The definition of an FFI captures banks,  funds, trusts and insurers amongst others.  Broadly, those non-US institutions who accept deposits, hold financial assets for the account of others and those involved in trading in securities, partnerships and commodities.

The definition of an NFFE is basically any foreign entity which doesn’t meet the definition of an FFI.

If impacted, what do you need to do?

If you meet the definition of an FFI and have US source income there are two options available. The first is to comply with the provisions of the regime and become a ‘Participating FFI’. The second is not to comply and accept a 30% WHT on certain US source income and gross proceeds, however this latter option may have both reputational and practical consequences.  

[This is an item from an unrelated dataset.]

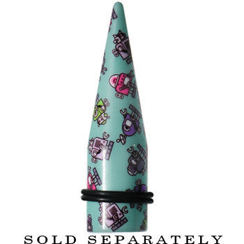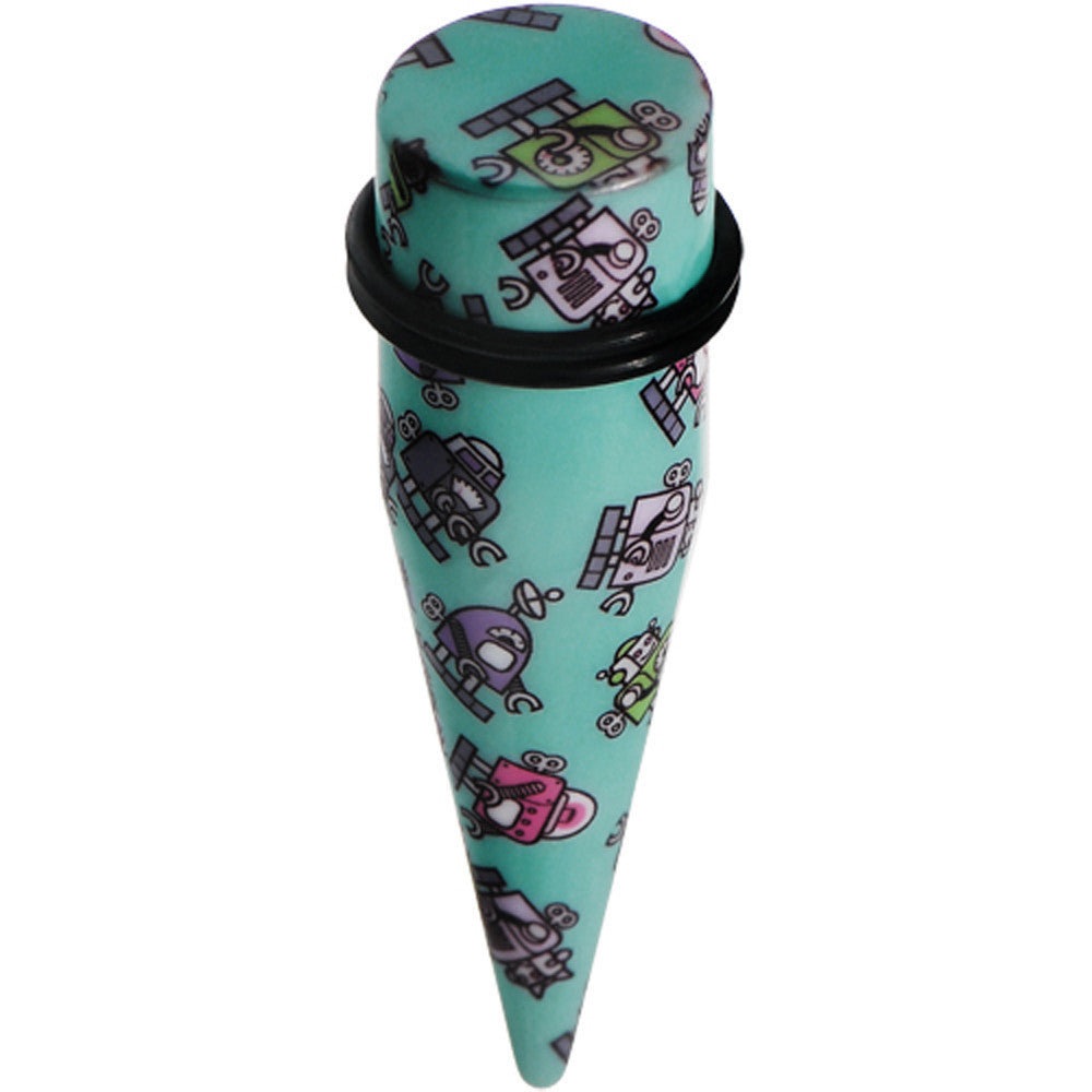 Hypoallergenic jewelry for sensitive skin.Sold individually, Please purchase a quantity of 2 for a pair. 18mm taper ear plug. Blue acrylic straight taper with multi color robot print. Fun robot taper with rubber o-rings.

It is envisaged that less onerous requirements will apply to entities that pose a lower threat of US tax evasion and are entitled to apply for ‘deemed compliant’ status.

Compliance with FATCA means entering into an agreement to provide the IRS with certain details on US account holders and transactions. It also means applying the 30% withholding on ‘passthru’ payments to non-compliant FFI’s or NFFE’s and returning this to the IRS.

In order to meet the reporting requirements it is first necessary to have identified all account holders/ investors who are US persons or US entities.

The IRS have issued guidance on what constitutes indicia of US status and this includes, amongst others, documentation suggesting that account holders are US Residents or US citizens, a US address associated with the holder of the account and a US place of birth for the account holder of the account.

There are currently no transitional provisions legislated for, and this means that with effect from 1 January 2013 your client on-boarding procedures and IT systems must be sufficient to identify and report on all US persons, if you want to be a participating FFI. 

For existing account holders there is a two year window, ie until January 2015, for identifying US persons.

What preparation can be done now?

Although the final FATCA regulations have yet to be released, sufficient information has been made available by the IRS to enable preparation for the new regime to commence.  

Familiarisation with IRS withholding, reporting and compliance obligations

Although further detail is to follow, the IRS have released IRS Notices 2010-60 and 2011-34, which provide guidance on the documentation, reporting and withholding requirements of FATCA.  Time should be taken to become familiar with the legislation and guidance to date.

Education of stakeholders

The business’s key stakeholders impacted by FATCA can be identified and tailored training provided to them, based upon the degree of their likely involvement in implementing and monitoring FATCA compliance.  The key stakeholders are likely to be the IT and Compliance Functions.

Preliminary Business Risk Assessment  

Businesses can start assessing the probable FATCA impact, by, for example:

  • entity assessment, to identify FFIs and NFFEs
  • liaising with service providers as part of information gathering exercise
  • creation of FATCA working party and allocation of roles within the business, to ensure key responsibilities under FATCA regime are owned.

Identification of US account holders
Based on existing guidelines, businesses can begin initial high level searches for specific investor attributes (ie ‘Indicia of US status’) within their electronically searchable information repositories and assign tentative FATCA relevant classifications.

Gap Analysis in client information collected

Businesses can review the information collected as part of their client take on procedures, ie Anti Money Laundering processes, to identify what additional information would need to be collected with effect from 1 January 2013 to meet FATCA requirements.

Reviewing IT systems to identify areas for development

A review of existing IT system capabilities and infrastructure can be commenced now, to identify where development work is needed to ensure new withholding and reporting responsibilities can be met, ie to ensure transactions producing withholdable or passthru payments can be tracked.

Further guidance on FATCA is expected to be released by the IRS in Autumn 2011, however, it is recommended that preparation for FATCA starts now.